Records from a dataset
◇ ◇ ◇ ◇ ◇ ◇ ◇

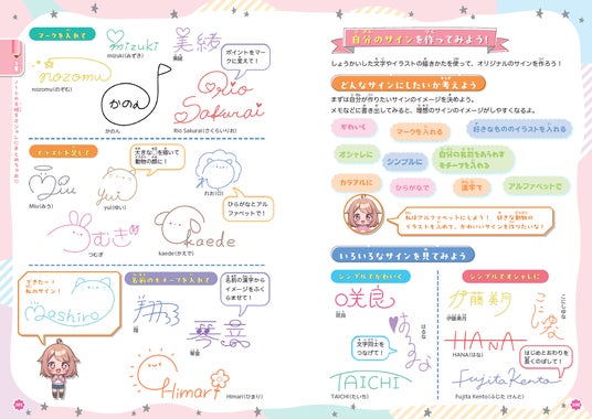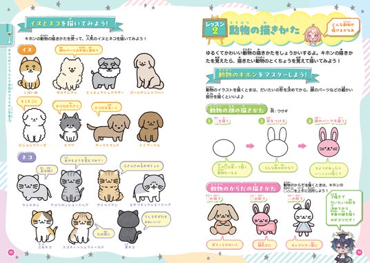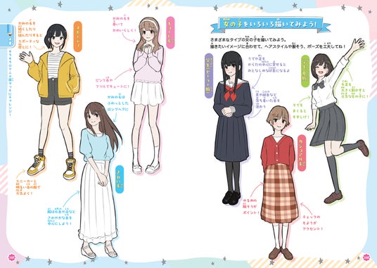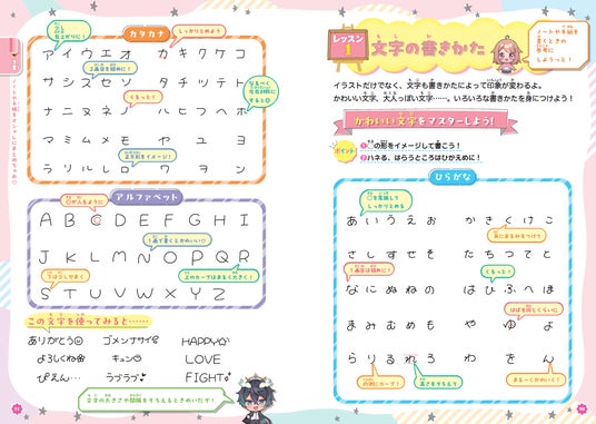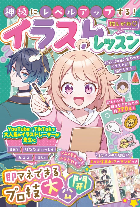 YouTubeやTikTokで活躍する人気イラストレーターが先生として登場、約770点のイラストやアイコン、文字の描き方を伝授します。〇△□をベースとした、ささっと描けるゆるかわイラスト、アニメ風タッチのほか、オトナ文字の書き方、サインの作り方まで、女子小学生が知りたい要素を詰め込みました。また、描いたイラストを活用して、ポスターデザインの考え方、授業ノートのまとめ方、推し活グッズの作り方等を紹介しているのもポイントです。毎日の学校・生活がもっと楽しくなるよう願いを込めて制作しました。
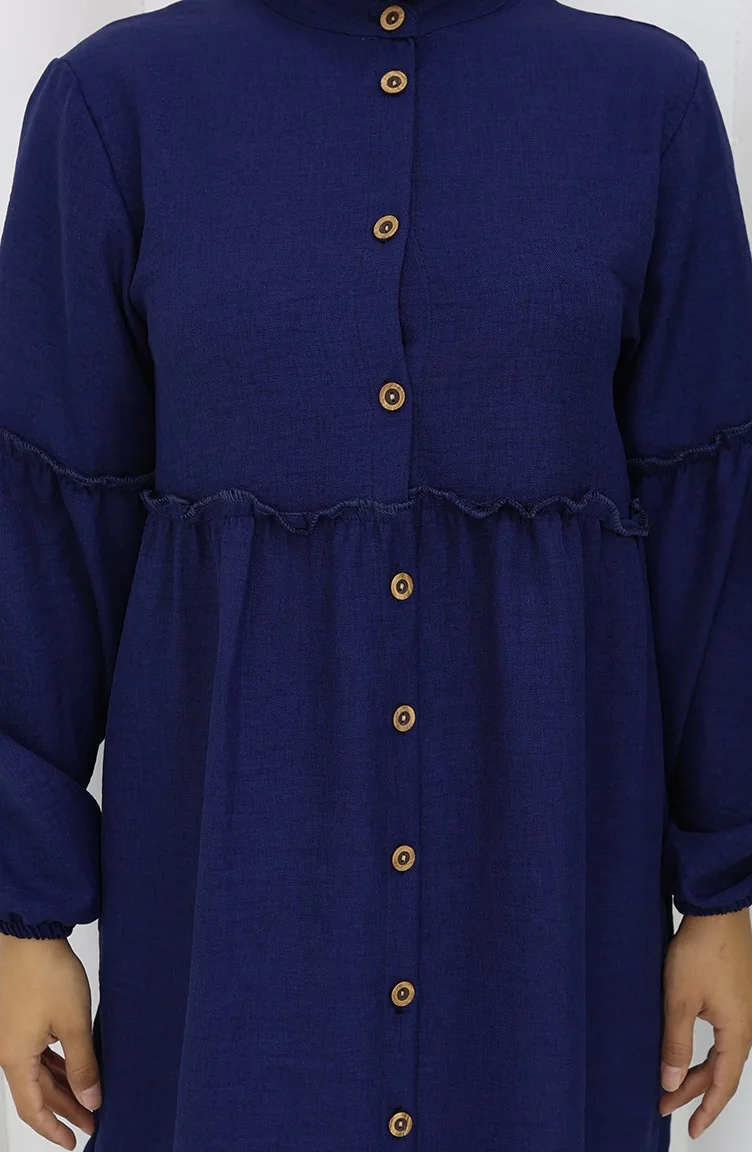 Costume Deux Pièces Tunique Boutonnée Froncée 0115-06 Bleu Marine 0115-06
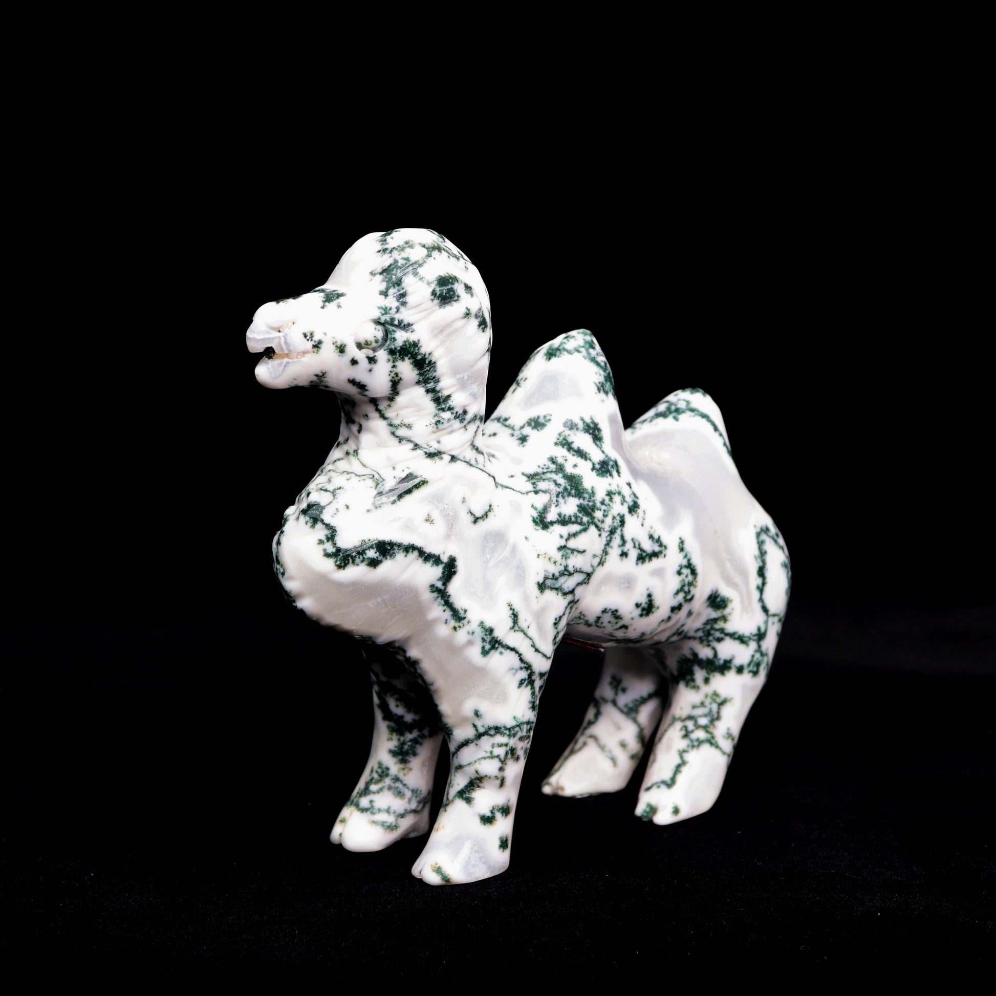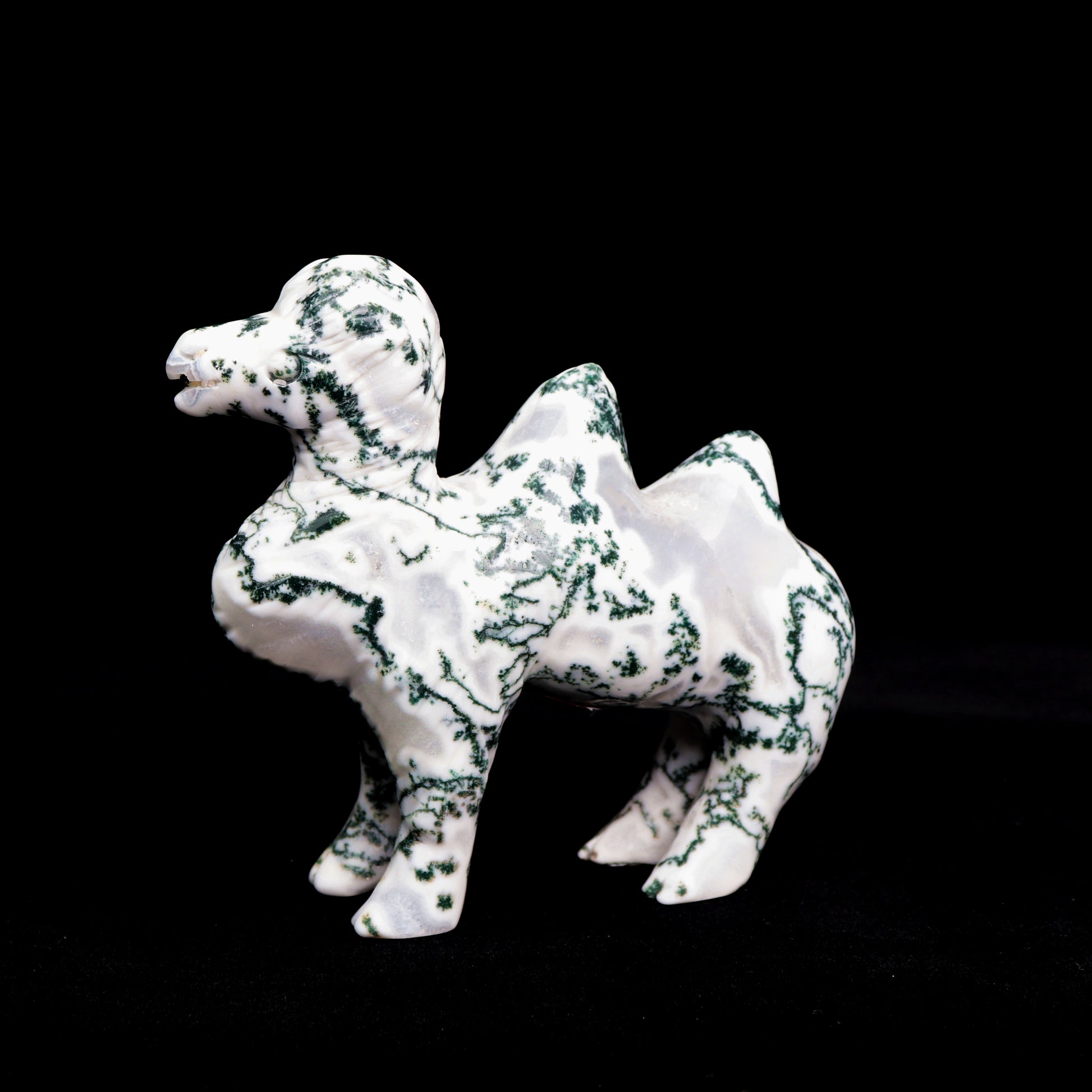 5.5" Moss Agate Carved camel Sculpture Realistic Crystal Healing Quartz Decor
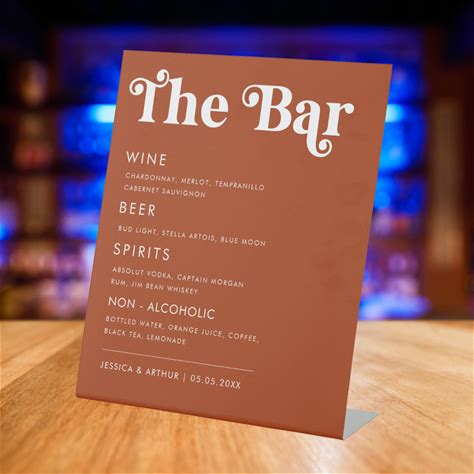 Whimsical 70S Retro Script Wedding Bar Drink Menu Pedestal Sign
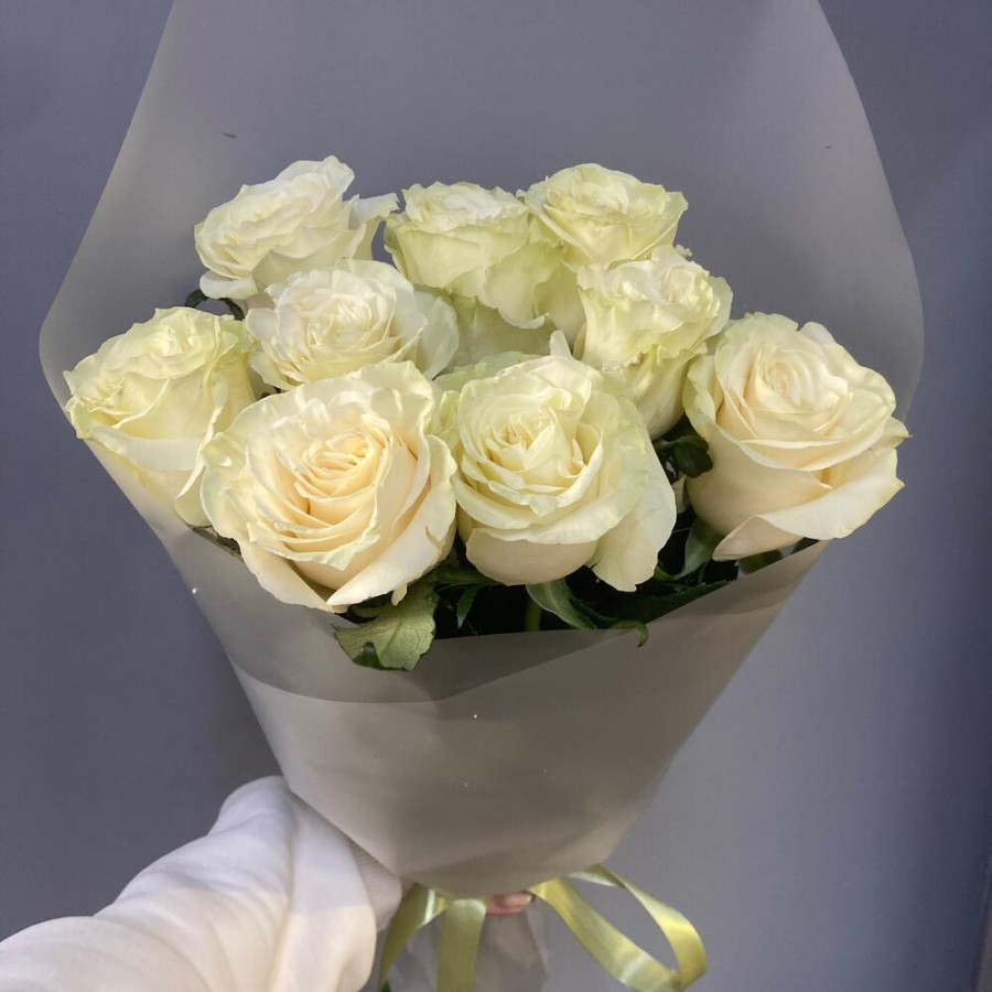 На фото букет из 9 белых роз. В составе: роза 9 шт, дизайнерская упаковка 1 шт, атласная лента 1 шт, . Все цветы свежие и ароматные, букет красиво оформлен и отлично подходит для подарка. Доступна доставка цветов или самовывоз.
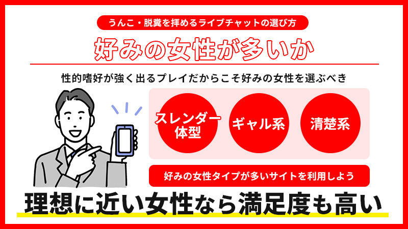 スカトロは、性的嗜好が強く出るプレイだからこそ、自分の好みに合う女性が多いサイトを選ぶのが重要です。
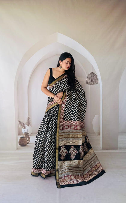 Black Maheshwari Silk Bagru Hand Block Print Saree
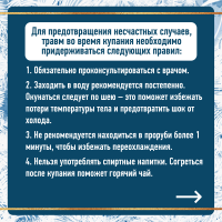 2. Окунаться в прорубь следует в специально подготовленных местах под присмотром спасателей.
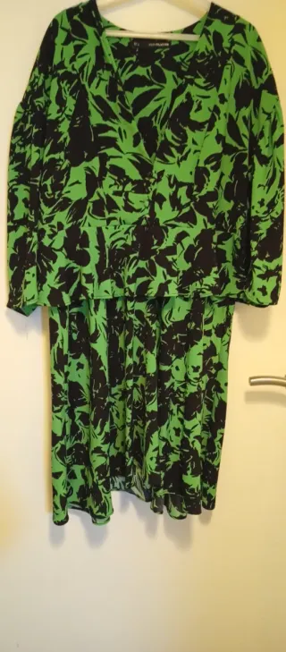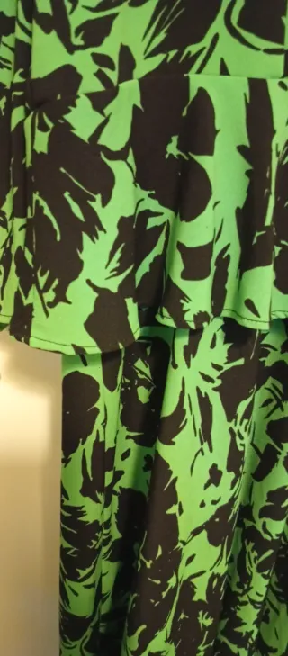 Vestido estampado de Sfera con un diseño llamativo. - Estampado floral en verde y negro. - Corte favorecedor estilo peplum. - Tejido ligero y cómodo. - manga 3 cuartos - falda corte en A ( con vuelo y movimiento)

◇ ◇ ◇ ◇ ◇ ◇ ◇

§ **The problem**: In the records above, find the line with "Costume Deux Pièces" and the line with "Whimsical 70S Retro", then restate word for word only those two lines and all lines between, omitting pictures.

§ **Answer area**:
 Costume Deux Pièces Tunique Boutonnée Froncée 0115-06 Bleu Marine 0115-06
 5.5" Moss Agate Carved camel Sculpture Realistic Crystal Healing Quartz Decor
 Whimsical 70S Retro Script Wedding Bar Drink Menu Pedestal Sign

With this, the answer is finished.